Half Chinese and half Korean, Awkwafina’s Katy character drives busses into garbage trucks and demonstrates a level of badassery I aspire toward. I looked at her on the screen and saw long, dark hair, light skin, eyes that aren’t lidded as heavily as all the white girls. Then she whipped out a bow and shot a giant dragon through the throat.
Rachel Blood is not a badass.
She felt like one once when a high schooler asked for her number and she shot back, “Why, need a babysitter?” She hasn’t felt that cool since.
Rachel Blood can barely drive her little Nissan around tight corners without hitting the curb. So when Katy drove a bus into a garbage truck while a war was being waged in the backseat, I wanted to be her.

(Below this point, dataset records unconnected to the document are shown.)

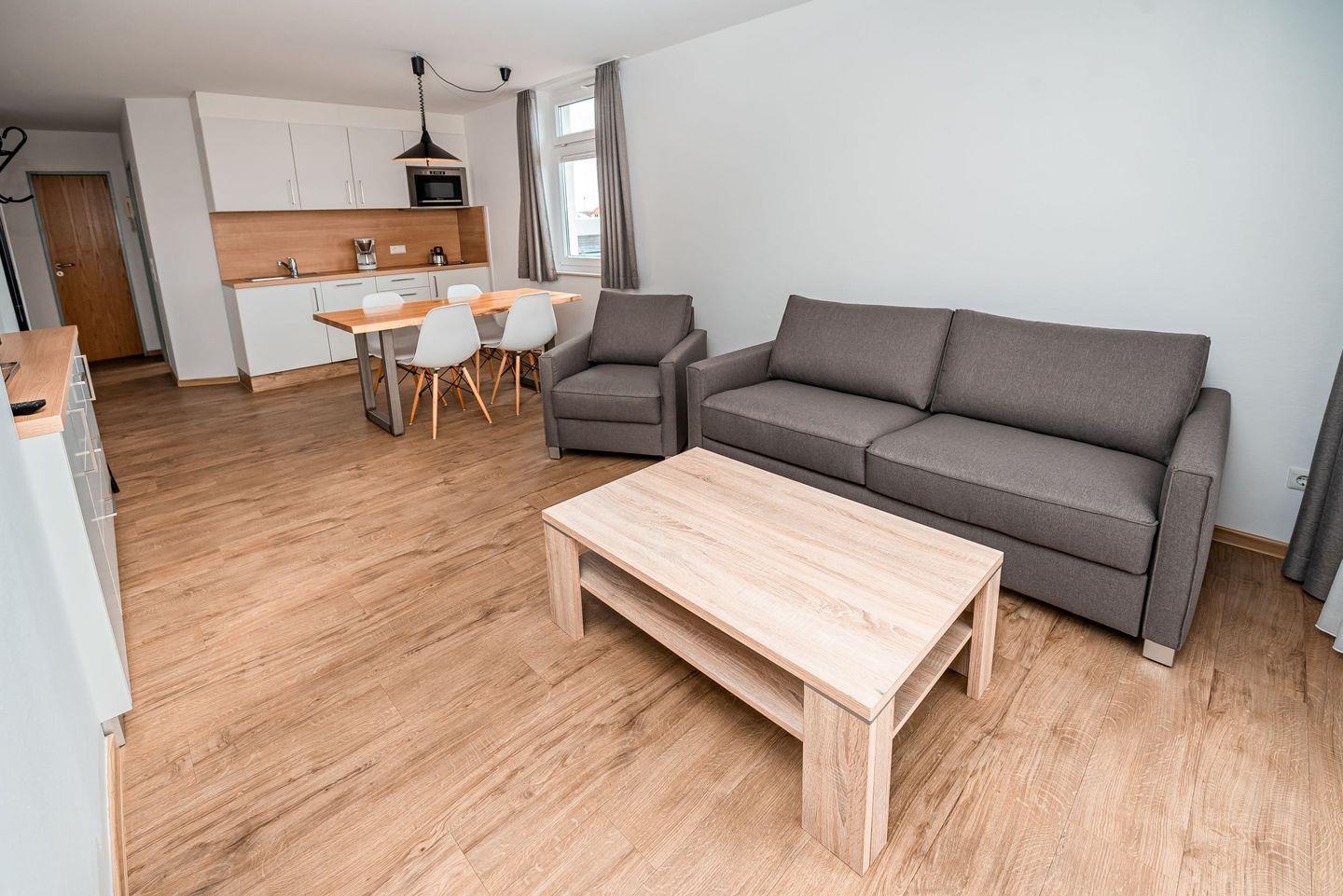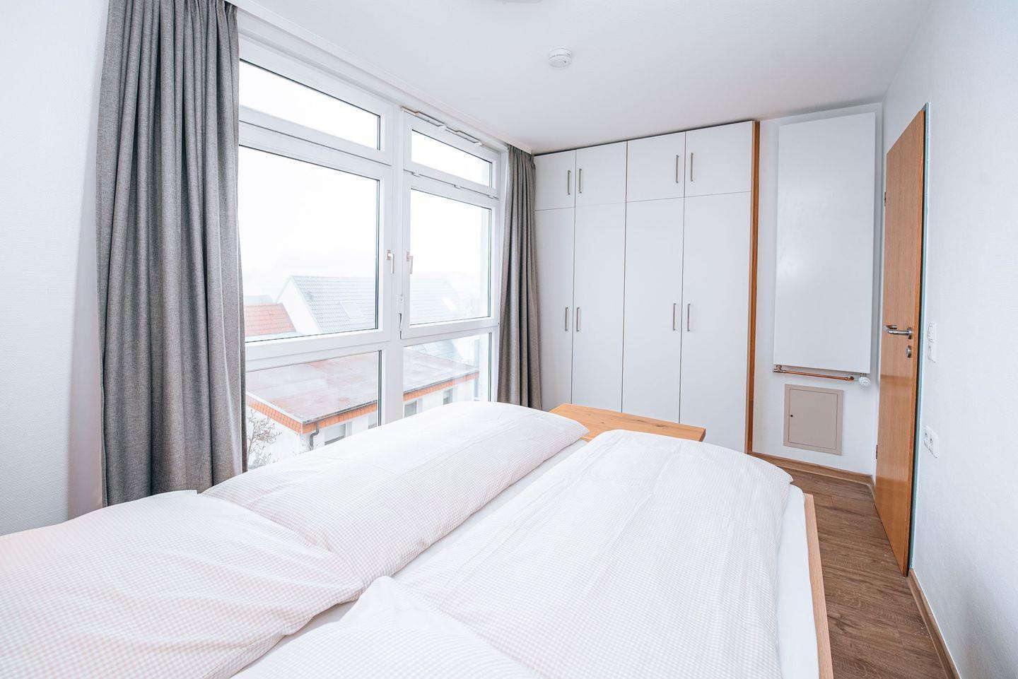 Im Wohnbereich steht eine gemütliche Couch mit Schlaffunktion und ein Fernsehgerät. Die hellen Möbel geben dem Raum seinen Gemütlichkeit. Des Weiteren gibt es einen separaten Essplatz, der für 4 Personen ausreichend Platz bietet. Der Eingangsbereich sowie ein Abstellraum vervollständigen diese Ferienwohnung. Der vom Wohnzimmer aus zu begehende Balkon ist nach Süden ausgerichtet. Das separate Schlafzimmer ist durch die bodentiefen Fenster hell und freundlich und mit einen Doppelbett sowie geräumigen Kleiderschrank ausgestattet.
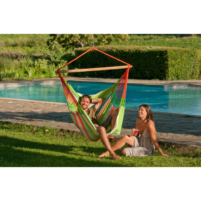 Благодаря большой площади пространства для лежания, в таком стуле вы можете не только сидеть, но и удобно лежать. К тому же, прочная бамбуковая планка удерживается достаточное широкое расстояние между краями сукна – таким образом на подвесном стуле могут удобно расположиться двое отдыхающих. Надежный механизм крепления, толстые канаты и уплотненные края сукна гарантируют Вам полную безопасность отдыха в модели Domingo.
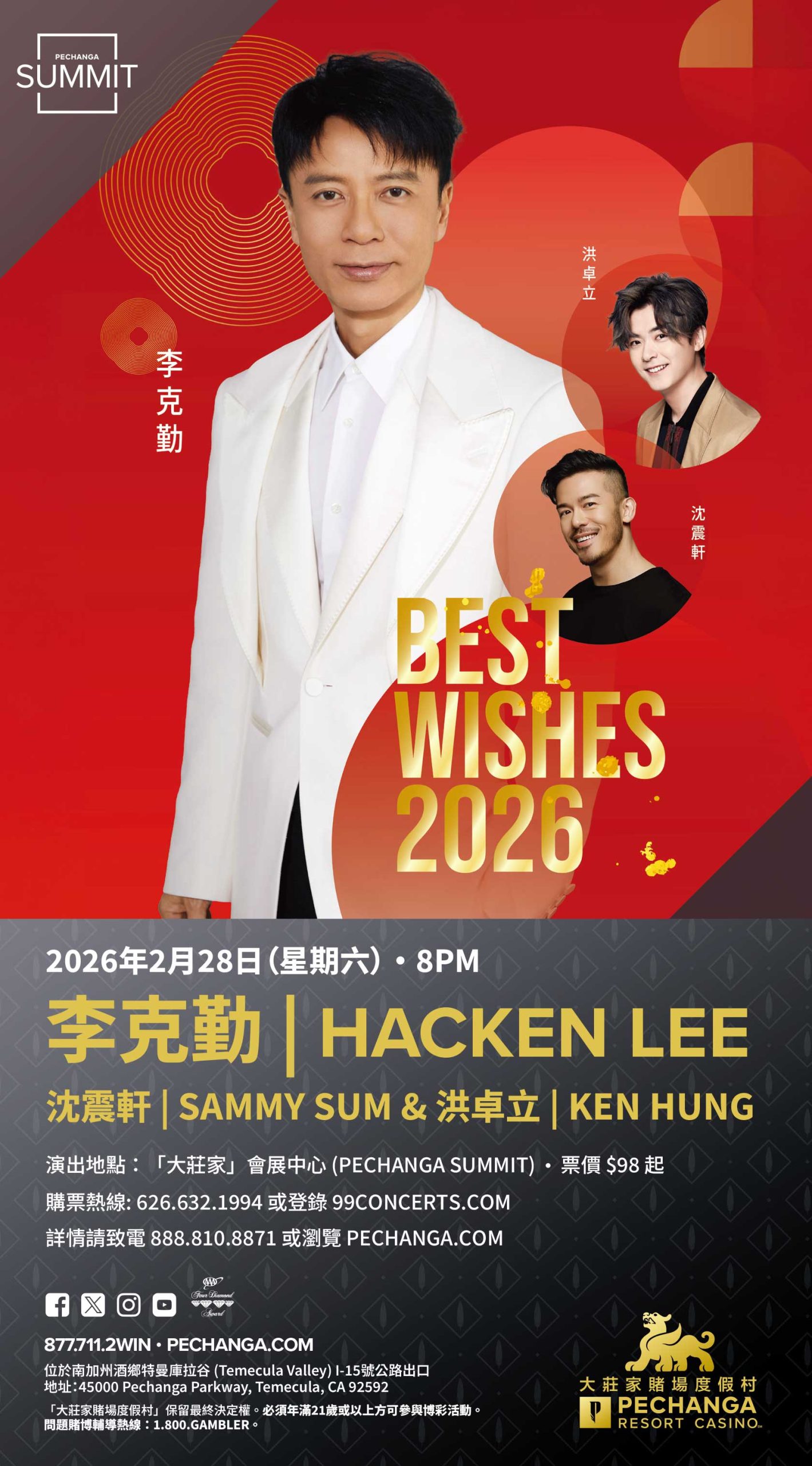 Temecula, CA – Pechanga Resort Casino proudly presents the “Best Wishes” 2026 Concert on Saturday, February 28, 2026, at the Pechanga Summit Events Center. Hong Kong Cantopop superstar Hacken Lee partners with Ken Hung and Sammy Sum as they usher in the Lunar New Year with their timeless classics.
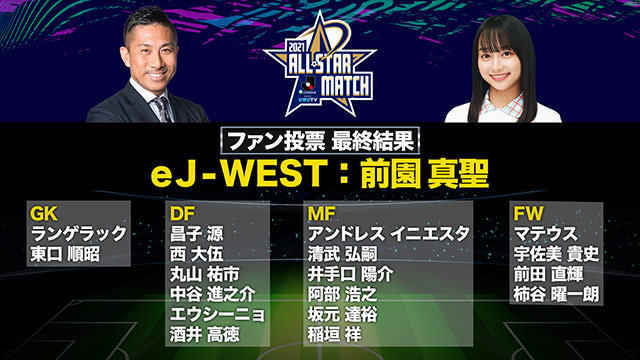 また、1月23日(土)にエキシビジョンマッチとして実施される『eJリーグ ひかりTV オールスターマッチ』のファン投票の最終結果を発表いたします。当日はeJ-EAST:影山 優佳さん、eJ-WEST:前園 真聖さんがゲストプレイヤーとして、オールスターチームを操作して勝敗を競います。

Asian characters are stars only when Hollywood decides a movie revolves around their Asianness, like their Meyers-Briggs result is “Asian” instead of “INFJ.” But Shang-Chi made strides that have needed to happen for ages, and sitting in that theater with a cardigan haphazardly tugged over my shoulders, I felt so seen.
There’s a scene where Katy sits at a table with Shang’s father, who asks Katy what her Chinese name is. She looks to Shang for help and then spits out some random two-syllable name that has no relation to “Katy.” That was relatable. That was an Asian American separated from her heritage and unsure of how to tread the unfamiliar terrain that came with meeting a “real” Asian family. That was me.
The same thing happened with Crazy Rich Asians’ Rachel Chu. Same name, same status as an Asian American who very much leans into the American side.
I don’t have a Korean name. If an immortal Asian assassin sat me down with a bowl of noodles and asked me for my Asian name, I’d probably panic and say Raichu and hope that he wouldn’t realize that’s just a Pokémon I thought was cute. Nobody in my family speaks Korean at all, but I can ask you if I can pet your dog in Spanish.
I don’t know much about Korean culture or any Asian culture in general, but that was never the problem. It was that I didn’t have a Marvel character to dress up as for Halloween in fifth grade. It was that if, for some insane reason, I ever wanted to be an actress, there wouldn’t be any characters from the comics that I could accurately portray.
Marvel is taking the leaps that all of Hollywood should have taken years ago. With Gemma Chan taking a lead role in The Eternals following Simu Liu’s kickass performance in Shang-Chi, Wong’s Dr. Strange tie-ins and Chloe Bennet’s role in the Netflix series Agents of S.H.I.E.L.D, I have choices when someone asks me which Marvel character I am.
The film industry has a long way to go. I want to see Asian actresses actually representing the heritage that their characters have. I want to see a main character who just happens to be Asian and never feels the need to address it. I want my future kids to be able to be Marvel characters for Halloween, because you bet I’m going to sit them down and make them watch every movie in release order.
We aren’t there yet. But it’s a start.